An implementation could keep a hash which includes, the token count, and the time stamp of the last time the bucket was emptied. As each request comes in, it performs 2 operations:
  1. Decrement the token based on a steady counter
  2. Add a token
If the number is below the bucket size, the request is allowed.

In the following example, we allow a bucket size of 3 and a refresh rate of 1 per 20 seconds:

Time
Action
Set Value
Additional
12:00:05user makes request
user1: {
tokens: 1
ts: 1515120000
}
Add a token to the bucket
12:00:15user makes request
user1: {
tokens: 2
ts: 1515120000
}

12:01:01user makes request
user1: {
tokens: 1
ts: 1515120100
}
The previous ts was 1515120000 which means we should decrement the token count by up to 3.
Then add this token
12:01:10user makes request
user1: {
tokens: 2
ts: 1515120100
}

12:01:40user makes request
user1: {
tokens: 1
ts: 1515120140
}
The previous ts was 1515120100 which means we should decrement the token count by up to 2.
Then add this token
12:01:50user makes request
user1: {
tokens: 2
ts: 1515120140
}

12:02:20user makes request
user1: {
tokens: 1
ts: 15151200220
}
The previous ts was 1515120140 which means we should decrement the token count by up to 2.
Then add this token

 Pros:

  • Memory efficient
  • Prevents bursts of traffic

Cons:

  • Requires a redis lock or lua script to update.
  • Harder to tune requirements and implement.

 Implementation

For our purposes we decided to choose the sliding tail algorithm as it provided some protection against bursts of traffic while having low processing and memory usage. It is also easy to implement using standard redis commands that allow for atomic operations.

Additional Details

HTTP Responses

When rejecting a user who is over the limit we choose a 429 Too Many Requests response.

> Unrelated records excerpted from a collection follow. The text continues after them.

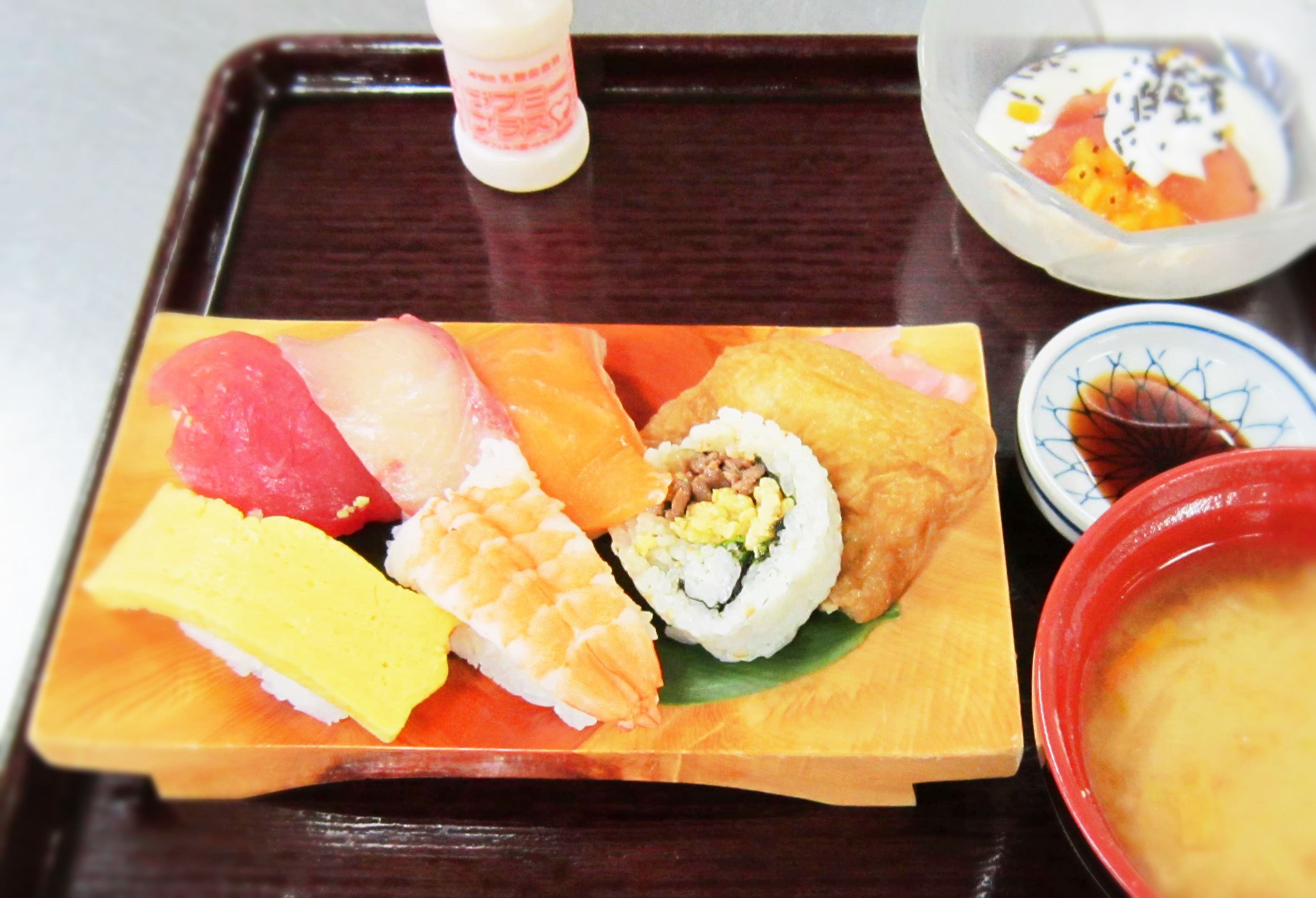 2013/12/21 寿司屋開店 11月行事食 11/19 寿司屋開店 (行事食) ・握りずし(まぐろ、かんぱち、サーモン、えび、卵焼き)・プルコギ巻き ・いなり寿司・粕汁・秋映えのコンポートヨーグルト添え 今回は久しぶりに調理場職員で、お寿司屋さんになり、皆さんの目の前で寿司を握りました。 大変好評でした。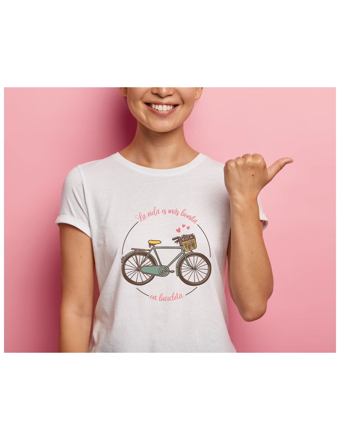 CAMISETA MUJER LA VIDA EN BICICLETA BLANCA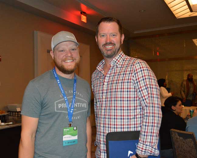 Blake Hardy and Jeff Burns of Preventive Pest Control in Las Vegas meet up at the ServSuite University reception. PHOTO: DIANE SOFRANEC/PMP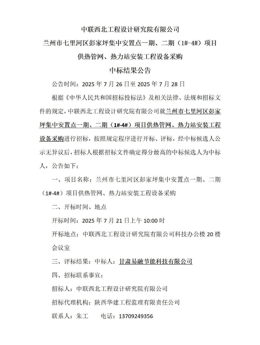 中联西北工程设计研究院有限公司兰州市七里河区彭家坪集中安置点一期、二期(1#-4#)项目供热管网、热力站安装工程设备采购中标结果公告

In addition to the 429 rejection, all responses include HTTP headers to inform the user what their limit is, and how many tokens are remaining. There appears to be no consensus on the HTTP header to use for this information. From looking at responses to other APIs we decided to go with:
  • X-Rate-Limit-Limit - to describe the limit the user has for this request
  • X-Rate-Limit-Remaining - to describe the number of tokens left for the user.

Tokens Used for each Request

As some operations are related but have different processing requirements, we decided to allow a configurable number of tokens per request type. This means that for certain endpoints we can allow the same bucket of tokens to rate limit the different requests. For example, a request to GET /user would use 1 token from the {id}:user:{timestamp} bucket, however a request to POST /user would remove 2 tokens from the same bucket.